In years past, such a research result might have taken months or years to obtain through diligent laboratory work. And this example illustrates the exciting potential for web-based shared databases to transform research, says Buetow, who founded the caBIG project in 2003 as associate director for biomedical informatics and information technology at the NCI. “First you can do in silico discovery and hypothesis generation, which drives your experiment,” Buetow says. “Then after your experimental discovery, you can perform in silico validation and extension. Essentially, we can more meaningfully join the beginning and end of an experiment through information technology.”
The impact of public databases on the research process is slowly becoming known—with effects on not only how the work is done but also on what kind of research is done in the first place. Before the golden age of public databases will be able to fully translate into innovative medical advances, however, certain challenges will need to be overcome. But those who work extensively with databases say the benefits will outweigh the costs. “It seems like a no-brainer that a portion of our investment in biomedical research should be in the archiving, annotation and maintenance of the resulting data and knowledge,” says Russ Altman, MD, PhD, professor of bioengineering at Stanford University. “This ensures that we will maximize the availability of previous discoveries, which will in turn help us to maximize new discoveries.”
The time is ripe for a database revolution. High-throughput experiments are generating unprecedented amounts of data, which many researchers believe will be valuable for years to come—and should be shared widely today. To that end, funding agencies such as the National Institutes of Health and journals such as Science and Nature are mandating that certain data be placed in public repositories.
The Molecular Biology Database Collection, maintained by the journal Nucleic Acids Research, this year lists 1,078 databases in its collection—110 more than appeared in 2007. NIH’s National Center for Biotechnology Information (NCBI) maintains more than 40 of these databases, storing molecular, genomic, and scientific literature data. These databases alone see roughly 2 million visitors and 3 terabytes of downloads every day.
Advances in technology have helped fuel this proliferation, says George Moody, research staff scientist in the Harvard/MIT Division of Health Sciences and Technology. He is the architect and caretaker of PhysioNet (http://www.physionet.org), a growing archive of freely accessible collections of digitized physiologic signals and time series measurements and related open source software. “For the types of databases that PhysioNet is mostly concerned with, the instruments that gather the data are almost invariably digital now. Our databases are large, but storage is cheap, and adequate network bandwidth is also cheap. So we can afford to collect them and make them available, and users can download them for little or nothing.”

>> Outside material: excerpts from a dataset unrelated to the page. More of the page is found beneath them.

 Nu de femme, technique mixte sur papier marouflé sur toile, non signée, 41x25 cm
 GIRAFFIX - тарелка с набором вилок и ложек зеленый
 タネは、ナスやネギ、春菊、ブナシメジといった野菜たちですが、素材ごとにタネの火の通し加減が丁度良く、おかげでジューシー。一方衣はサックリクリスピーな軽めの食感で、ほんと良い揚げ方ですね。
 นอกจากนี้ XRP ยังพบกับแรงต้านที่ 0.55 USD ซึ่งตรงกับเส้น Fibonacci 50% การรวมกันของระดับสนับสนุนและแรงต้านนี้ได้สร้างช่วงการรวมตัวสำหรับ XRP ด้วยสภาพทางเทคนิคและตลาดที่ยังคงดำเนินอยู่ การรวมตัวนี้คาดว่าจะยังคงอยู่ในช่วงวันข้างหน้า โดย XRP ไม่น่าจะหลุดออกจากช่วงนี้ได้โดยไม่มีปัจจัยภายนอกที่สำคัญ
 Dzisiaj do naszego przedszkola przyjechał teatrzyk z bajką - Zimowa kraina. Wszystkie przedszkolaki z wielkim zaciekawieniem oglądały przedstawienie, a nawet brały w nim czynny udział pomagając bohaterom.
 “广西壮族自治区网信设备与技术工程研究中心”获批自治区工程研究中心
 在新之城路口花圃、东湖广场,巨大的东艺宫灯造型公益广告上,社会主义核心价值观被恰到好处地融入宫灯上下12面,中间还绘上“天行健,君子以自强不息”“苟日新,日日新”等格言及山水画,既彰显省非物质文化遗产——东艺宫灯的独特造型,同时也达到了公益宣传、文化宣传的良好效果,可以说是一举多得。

There are also cultural changes behind these trends, says Atul Butte, MD, PhD, assistant professor of medicine at Stanford University, who uses public web-based databases extensively in his research. Increasingly, science is influenced by new movements in “openness,” he says—open-source software, open-access publishing, and so on. This coincides with an increased culture of sharing what were previously proprietary tools of the biomedical trade, such as reagents and protocols. Sharing data is a natural extension of that movement, he notes.
And successful current-generation databases can thank previous database projects for blazing the path, says Teri Klein, PhD, senior scientist in the department of genetics at Stanford University, and director of The Pharmacogenetics and Pharmacogenomics Knowledge Base (PharmGKB; http://www.pharmgkb.org/), which integrates, aggregates and annotates genotype and phenotype data, pathway information and pharmacogenetics. “The database pioneers have proven their value,” she says. “With better understanding and acceptance of databases comes greater usage.”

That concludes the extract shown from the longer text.